• **Raw data**:
● ● ● ● ●

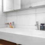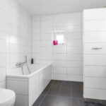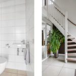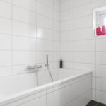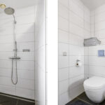 Net als de rest van de woning is ook de badkamer modern en luxe. Alles is immers aanwezig, van een ligbad tot een separate inloopdouche. Een 2-persoons wastafelmeubel en een 2e zwevend wandcloset maken de badkamer compleet. Overigens is er opvallend veel opbergruimte voor toiletspullen voorhanden, namelijk in de ladekorven onder het wastafelmeubel als in de spiegelkast erboven. Het tegelwerk is neutraal en degelijk uitgevoerd, evenals de scheidingswand voor de douche. De douche is voorzien van een rainshower, een handdouche en een strakke drainafvoer. Het aanwezige raampje zorgt voor de nodige lichtinval en ventilatiemogelijkheid. Overigens is er ook mechanische ventilatie aanwezig. En niet te vergeten de vloerverwarming én wandverwarming (1 wand betreft de ‘knuffelwand’).
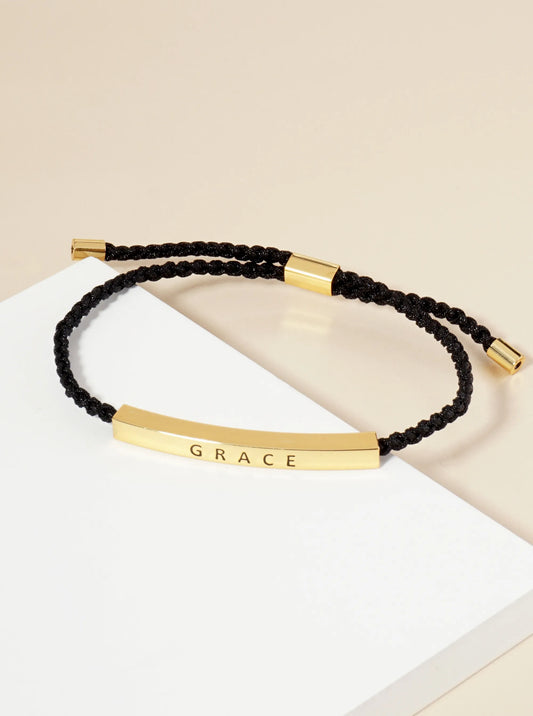 Grace Engraved 18K Gold Dipped Curved Brass Tube Bar Adjustable Pull Tie Bracelet
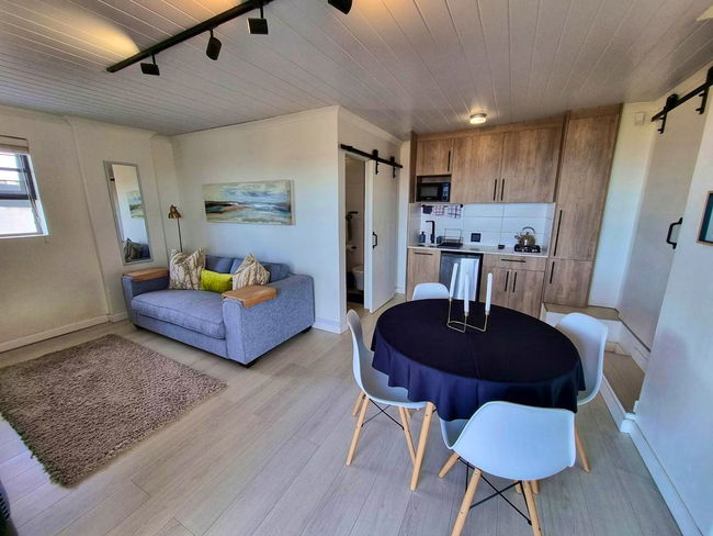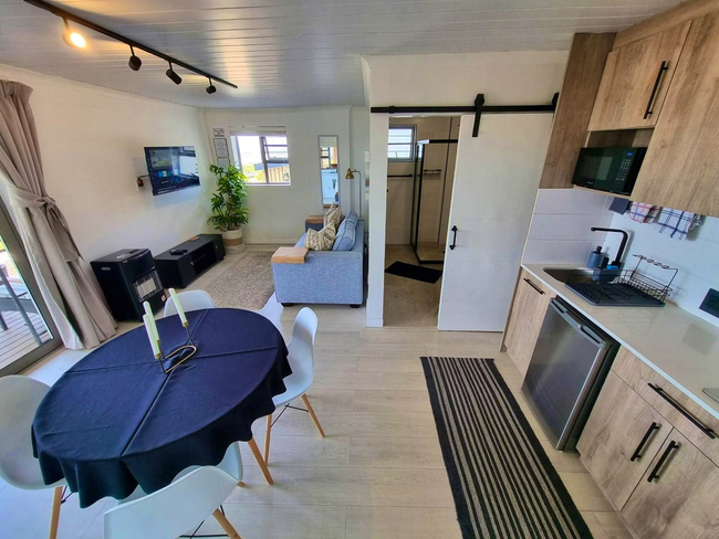Petra 2 is a charming two-bedroom unit located adjacent to the owner's house, with each bedroom featuring its own en-suite bathroom. The unit offers a fully equipped kitchen and an open-plan living area complete with a fireplace, creating a warm and inviting atmosphere. Guests can relax on the sea-view patio, enjoying the tranquil surroundings and scenic mountain and ocean vistas. The property is fully self-catering and includes Wi-Fi, DSTV, streaming services, a dining table, and TV. The kitchenette is equipped with a bar fridge, stove, microwave, toaster, and coffee and tea facilities. Outdoor amenities include a braai, dining area, and comfortable furniture. The unit is non-smoking and provides secure outdoor parking for convenience.

● ● ● ● ●

• **Prompt**:
Using the data above, print every line exactly, omitting pictures.

• **Response to the task**:
 Net als de rest van de woning is ook de badkamer modern en luxe. Alles is immers aanwezig, van een ligbad tot een separate inloopdouche. Een 2-persoons wastafelmeubel en een 2e zwevend wandcloset maken de badkamer compleet. Overigens is er opvallend veel opbergruimte voor toiletspullen voorhanden, namelijk in de ladekorven onder het wastafelmeubel als in de spiegelkast erboven. Het tegelwerk is neutraal en degelijk uitgevoerd, evenals de scheidingswand voor de douche. De douche is voorzien van een rainshower, een handdouche en een strakke drainafvoer. Het aanwezige raampje zorgt voor de nodige lichtinval en ventilatiemogelijkheid. Overigens is er ook mechanische ventilatie aanwezig. En niet te vergeten de vloerverwarming én wandverwarming (1 wand betreft de ‘knuffelwand’).
 Grace Engraved 18K Gold Dipped Curved Brass Tube Bar Adjustable Pull Tie Bracelet
Petra 2 is a charming two-bedroom unit located adjacent to the owner's house, with each bedroom featuring its own en-suite bathroom. The unit offers a fully equipped kitchen and an open-plan living area complete with a fireplace, creating a warm and inviting atmosphere. Guests can relax on the sea-view patio, enjoying the tranquil surroundings and scenic mountain and ocean vistas. The property is fully self-catering and includes Wi-Fi, DSTV, streaming services, a dining table, and TV. The kitchenette is equipped with a bar fridge, stove, microwave, toaster, and coffee and tea facilities. Outdoor amenities include a braai, dining area, and comfortable furniture. The unit is non-smoking and provides secure outdoor parking for convenience.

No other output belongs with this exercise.